A product manager’s key responsibilities include:

  • Managing a product/service life-cycle from research, conceptualization , design, prototyping, testing,costing, promotion,improvement to its end of life.
  • Monitors the operating plan to support efforts to increase market share and achieve revenue with profit for the key stakeholders.
  • Designs alongside marketing the go to market strategies to educate,inform the market about its offerings in order to deliver leads.

As a product manager, the role is a central aggregation of information from various stakeholders such as competitors, marketing, operations, customers, prospects and government agencies. To succeed in product management, the information gathered must be crunched and analyzed in order to harness the hidden business intelligence that can be used to inform the evolution of a product road map.

4 key characteristics of a successful product manager as follows:

1. Working with business intelligence and not gut feelings

The product manager will be continually asked why and the product manager must always be able to answer why with facts and figures support by evidence. It is much more powerful than answering with opinions of self or any others.

2. Getting the priorities in order

There is always an infinite amount of things that should be done but with finite resources. The product manager regularly struggles with resources to develop new products and also budget to push the product into the market.  There will be a need to weight the pros and cons of each, continually measure the competing issues to be in line with the company’s growth strategy and revenue plans.

3. Saying no

There will be plenty of times that someone will tell you a certain new product or feature will rock the market or the engineer telling you to trim a function because it will delay the development.
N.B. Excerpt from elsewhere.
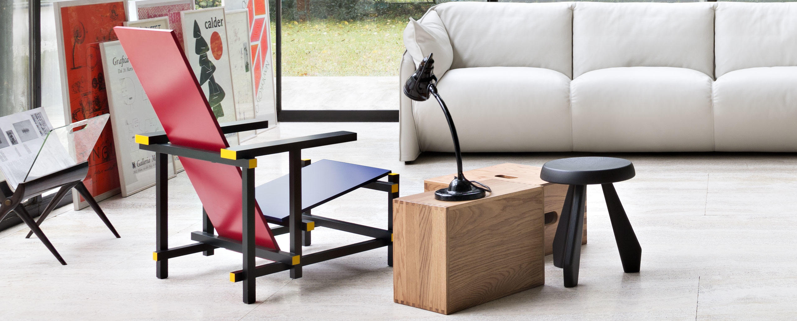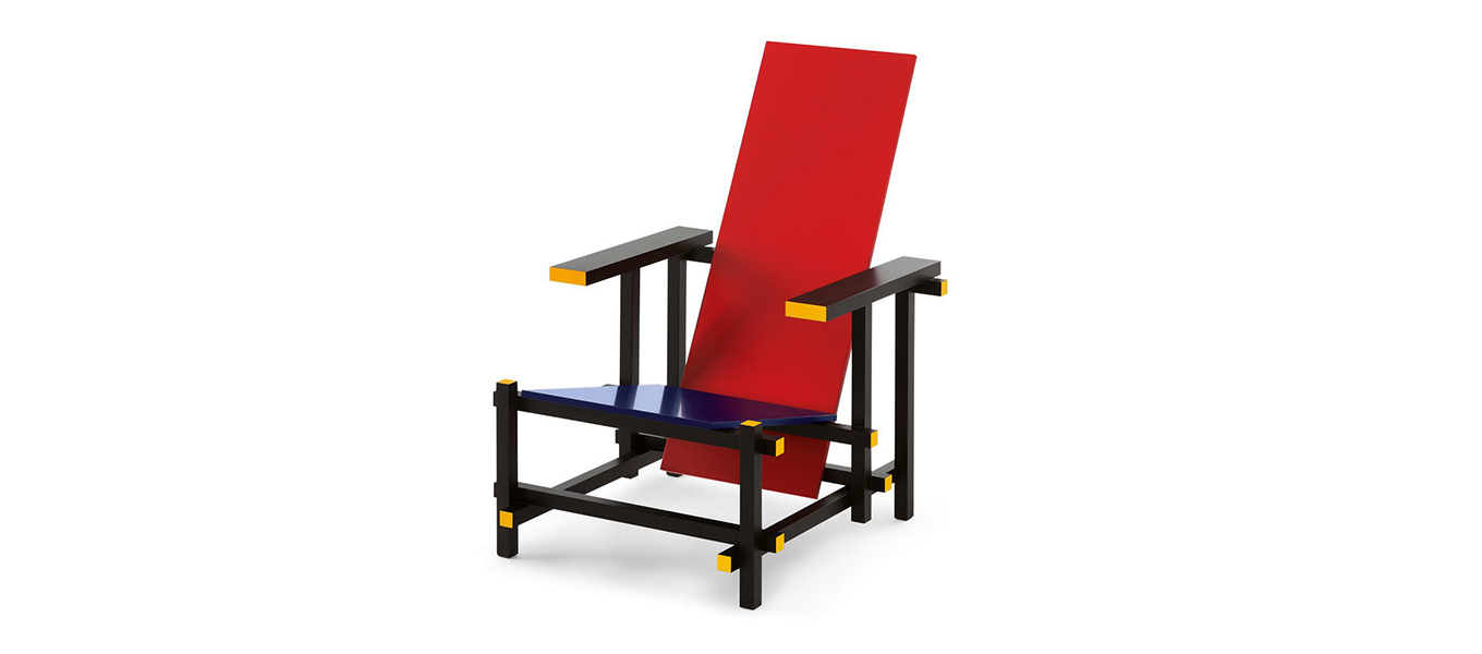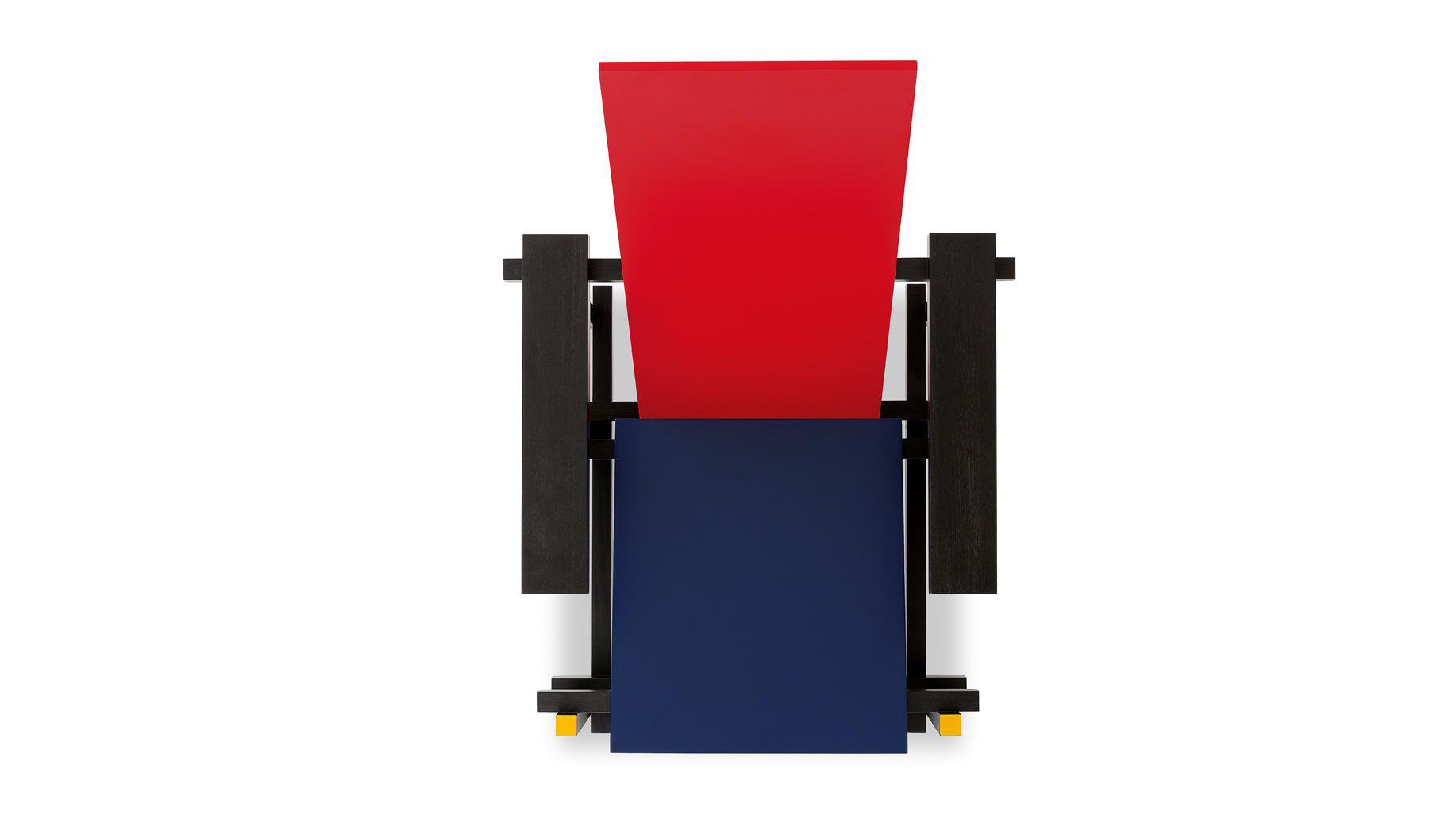 A sculptural seat with a pure and rationalist form, this chair became an authentic Manifesto for Neoplasticism, embraced by the Dutch De Stijl movement in 1917. An outlook shared by Piet Mondrian, whose objective was to seek out the essential nature of things, combined with the harmonious equivalence of colours, and the use of right-angle. Rietveld produced his first prototypes in 1918, expressing the philosophy of organising space using the same colours for similar components. He later applied this same approach to separate out constructional elements according to their function. Thus the base was black, and the seats coloured. As a consequence, the name of the piece changed, from Slat Chair to Red and Blue.

If those request undermine the key objectives of the plan, you have say no. The key is learning how to articulate the rejection with evidence and making the constituents understand your reason for saying no.

4. Transparency

No one should ever be in the dark about what is happening. Get everyone on board onto the same page by constantly communicating your prioritization, product road maps and the “whys” behind them. This will ensure maximum possible collaboration across the different functions together and to move forward as a team efficiently.